One of the features that most impressed in his Grieg rendition tonight, indeed, was precisely this element of wit. One always pays lip service to the folksy Norwegian element of the work, but which of us really knows enough about Scandinavian folk culture to take it other than on faith? Lang Lang conveyed it readily, with a sort of skittishness or rambunctiousness as the occasion demanded. But he was able too to move swiftly to moods more dramatic, sensual intense. Most strikingly was the moment in the Allegro third movement, when after a paroxysm of descent and a scale upwards at terrifying speed, he ended on an exquisite note of lightness, ultra pianissimo. To radically change tone, volume and mood in a split second, without fanfare, notice, or even preparation, marks a great musician from a merely good one The orchestra entered into the spirit of the thing, and although I suspect that there could have been more building of tension at the very opening, and more numinous romanticism in the muted strings in the second movement, the dynamic was largely successful. To enthused ovations, he obligingly tossed off an encore – a jaunty, ludic number, namely Ernesto Lecuona’s Cuban Dance. Well, Cuba does seem to be all the rage in DC at the moment. A neat choice.

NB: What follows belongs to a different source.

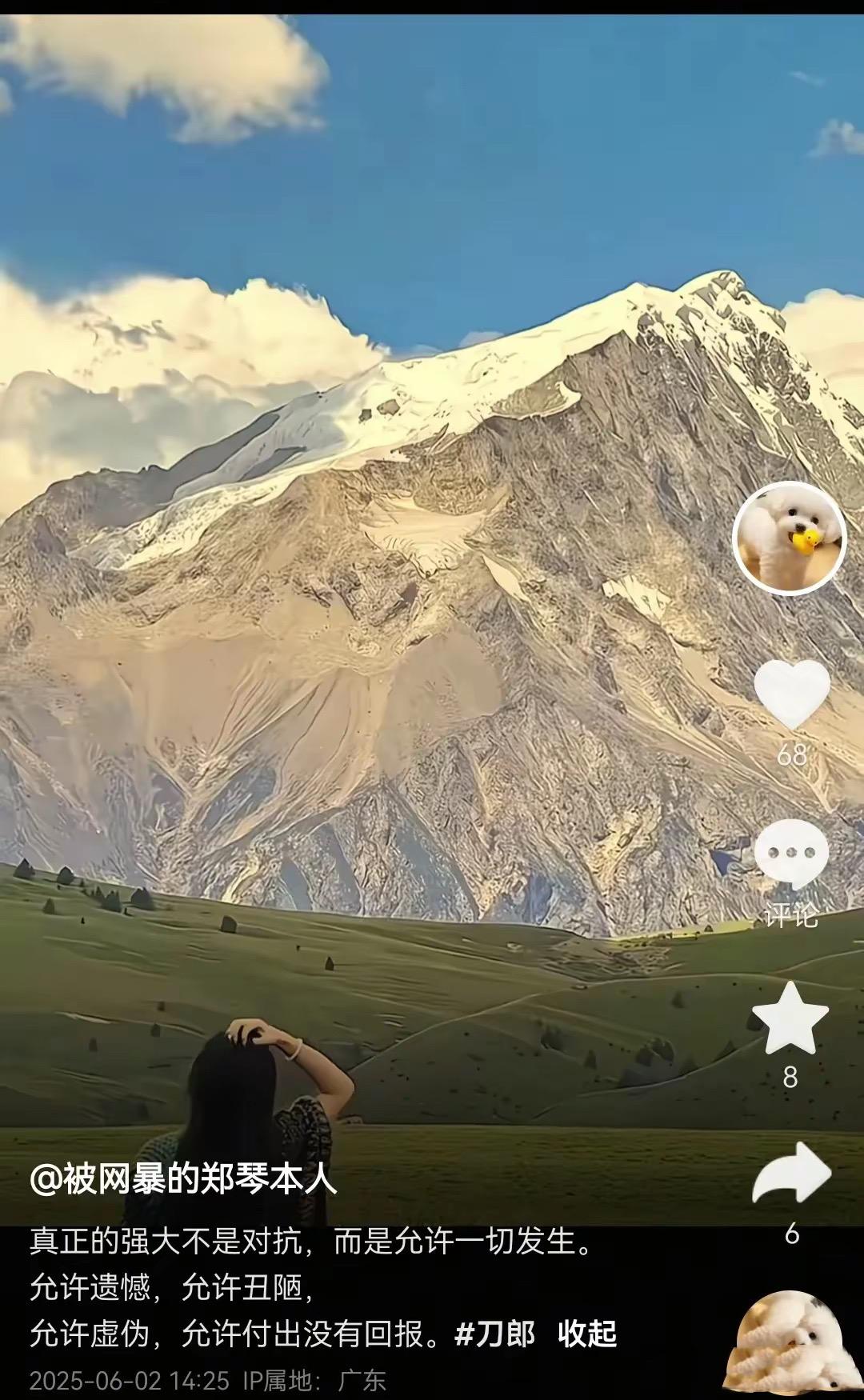可鄭琴,也不是好惹的。她又發文了,鄭琴雖然沒有提及事情本身。她說:真正的強大不是對抗、而是允許一切發生。允許遺憾、允許醜陋、允許虛僞、允許付出沒回報,允許……
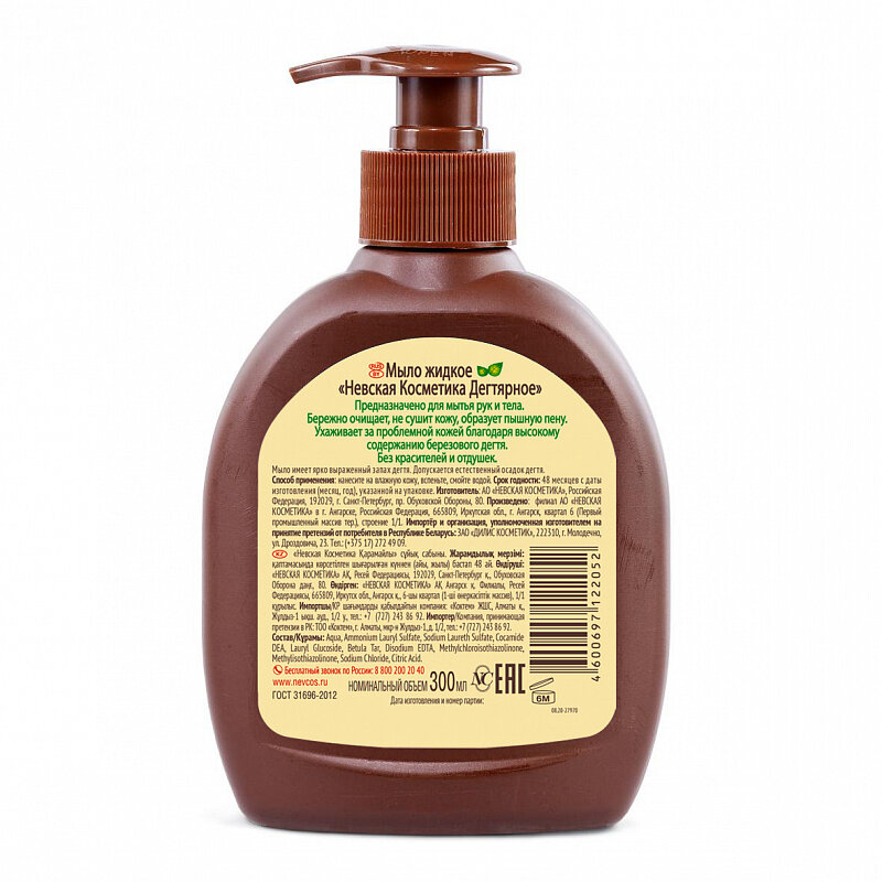 Мыло жидкое для рук и тела Невская Косметика невскaя косметика Дегтярное, 300 мл

Lang Lang’s performance was flanked by two other familiar 19th-century offerings. The Overture to Wagner’s Tannhäuser with its distinct worlds of sounds – the Pilgrims’ Hymn set against the wild Bacchanal opened the evening. The brass opening failed to resonate – it should get right in there under the crevices, forcing itself on one’s consciousness. The strings were all about heavy full-pressure bowing gave the necessary fullness; the articulation of the fast passages sounded a little less than perfectly crisp in places. Christoph Eschenbach has a supremely physical way of conducting, epitomized in a very expressive back; it must be one of the few professions where that is a most desirable feature. It’s quite interesting to watch. At his most intense, his conducting is volcanic, thrusting up sounds from the depths of the orchestra, and then reining them in. In the overture’s finale, he visibly focused on rousing the brass and left the strings to fend for themselves. For all the power of this choice, I wanted the end bigger and even more volcanic.

Antonin Dvořák’s Symphony no. 8 in G major is a bright symphony from 1889. (Was anyone cheery in 1889? Dvořák apparently was; the work is signally short on period angst.) From the first expressive voicing of cellos and in due course, some unashamedly up-beat brass, the orchestra gave us a large capacious sound. There was nothing hole-in-the-corner about this music. The Adagio benefited from full-on bowing. Eschenbach is good at laying pressure on sound. That said, the hushed ppp marking the movement’s end was certainly not observed. In short, there was more comfort with loud and big here, and as there’s a lot of loud and big and warding away of fin-de-siècle blues, this served, on the whole, well.

A very enjoyable evening at the Kennedy.